[Supplied information]

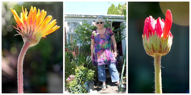 On Monday I ended up going with the Spare out to the Warehouse (shop). He was looking for man stuff so I went into the gardening section. I found CARNATIONS!!! 2 for $10, but which two to choose?? Then I found a clearance shelf where I grabbed 4 Gerberas that were only 50 cents each and in dire need of a large drink of something. They looked half dead but I knew that all they needed was some water. SCORE!!!
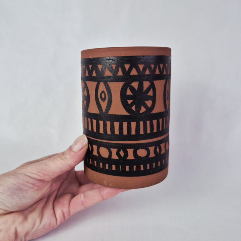 OverzichtOrigineel jaren 60 vaas van Wattisfield Ware Suffolk. De terracotta aardewerken wijde vaas is met de hand geschilderd in een modern patroon uit het midden van de eeuw en gemaakt in Engeland.
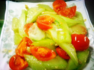 2、先用油拌匀青瓜和小西红柿,再加调料,这样油包住青瓜和西红柿,不容易出水
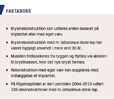 Efter operationen vil hovedparten få adjuverende kemo- og strålebehandling. I 2012 fik 97% af de mast-ektomerede patienter, der opfyldte Danish Breast Cancer Cooperative Groups kriterier, strålebehandling [3]. Mere end 80% af patienterne vil herefter være interesserede i at få rekonstrueret brystet [4]. Undersøgelser har vist, at rekonstruktion har en positiv effekt på patienternes evne til at komme sig over det psykologiske traume, der følger af den primære sygdom og behandling [5, 6]. Patienter, der ikke har fået strålebehandling, vil som regel få brystet rekonstrureret ved hjælp af et implantat. Derimod vil patienter, der har fået strålebehandling, i de fleste tilfælde få brystet rekonstrueret med anvendelse af eget væv.

[Exercise requirements] Print the listing verbatim, images excluded.

[Output for this task]
 On Monday I ended up going with the Spare out to the Warehouse (shop). He was looking for man stuff so I went into the gardening section. I found CARNATIONS!!! 2 for $10, but which two to choose?? Then I found a clearance shelf where I grabbed 4 Gerberas that were only 50 cents each and in dire need of a large drink of something. They looked half dead but I knew that all they needed was some water. SCORE!!!
 OverzichtOrigineel jaren 60 vaas van Wattisfield Ware Suffolk. De terracotta aardewerken wijde vaas is met de hand geschilderd in een modern patroon uit het midden van de eeuw en gemaakt in Engeland.
 2、先用油拌匀青瓜和小西红柿,再加调料,这样油包住青瓜和西红柿,不容易出水
 Efter operationen vil hovedparten få adjuverende kemo- og strålebehandling. I 2012 fik 97% af de mast-ektomerede patienter, der opfyldte Danish Breast Cancer Cooperative Groups kriterier, strålebehandling [3]. Mere end 80% af patienterne vil herefter være interesserede i at få rekonstrueret brystet [4]. Undersøgelser har vist, at rekonstruktion har en positiv effekt på patienternes evne til at komme sig over det psykologiske traume, der følger af den primære sygdom og behandling [5, 6]. Patienter, der ikke har fået strålebehandling, vil som regel få brystet rekonstrureret ved hjælp af et implantat. Derimod vil patienter, der har fået strålebehandling, i de fleste tilfælde få brystet rekonstrueret med anvendelse af eget væv.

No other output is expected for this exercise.